DATA SECTION Start Marker
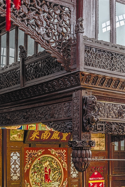 天津广东会馆的一砖一瓦、一梁一枋,无不诉说着近代天津作为南北通衢、华洋杂处的开放历程与商帮群体的奋斗故事。没有角柱支撑的戏楼,空间非常宽敞,展现了传统工匠的高超技艺。精细的木雕,寄托着商人们对美好生活的愿望。而建筑中融入的钢铁结构,也体现了当时人们紧跟时代、勇于创新的想法。
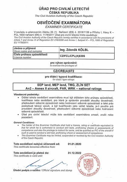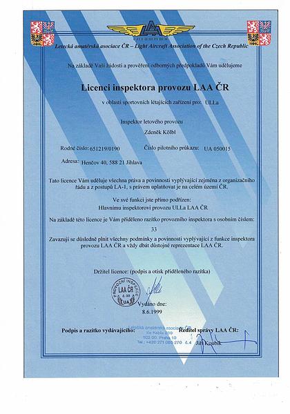 | Pověření examinátora - CZ/CRE(A)072 | Licence inspektora provozu LAA ČR | |
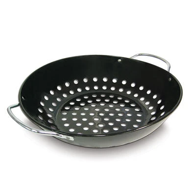 11 in. diameter x 2.5 in. deep, porcelain coated wok with stainless steel handles and perforations. Rolled edge for rigidity and safety.
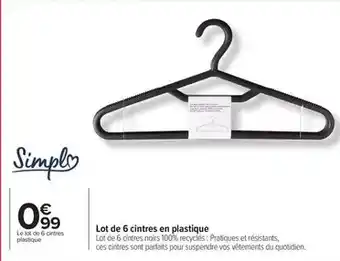 Offre Simply - lot de 6 cintres en plastique chez Carrefour
DATA SECTION End Marker
» **ASSIGNED TASK**
In transcribing the material above, reproduce each line exactly and include none of the pictures.

» **YOUR SOLUTION**
 天津广东会馆的一砖一瓦、一梁一枋,无不诉说着近代天津作为南北通衢、华洋杂处的开放历程与商帮群体的奋斗故事。没有角柱支撑的戏楼,空间非常宽敞,展现了传统工匠的高超技艺。精细的木雕,寄托着商人们对美好生活的愿望。而建筑中融入的钢铁结构,也体现了当时人们紧跟时代、勇于创新的想法。
 | Pověření examinátora - CZ/CRE(A)072 | Licence inspektora provozu LAA ČR | |
 11 in. diameter x 2.5 in. deep, porcelain coated wok with stainless steel handles and perforations. Rolled edge for rigidity and safety.
 Offre Simply - lot de 6 cintres en plastique chez Carrefour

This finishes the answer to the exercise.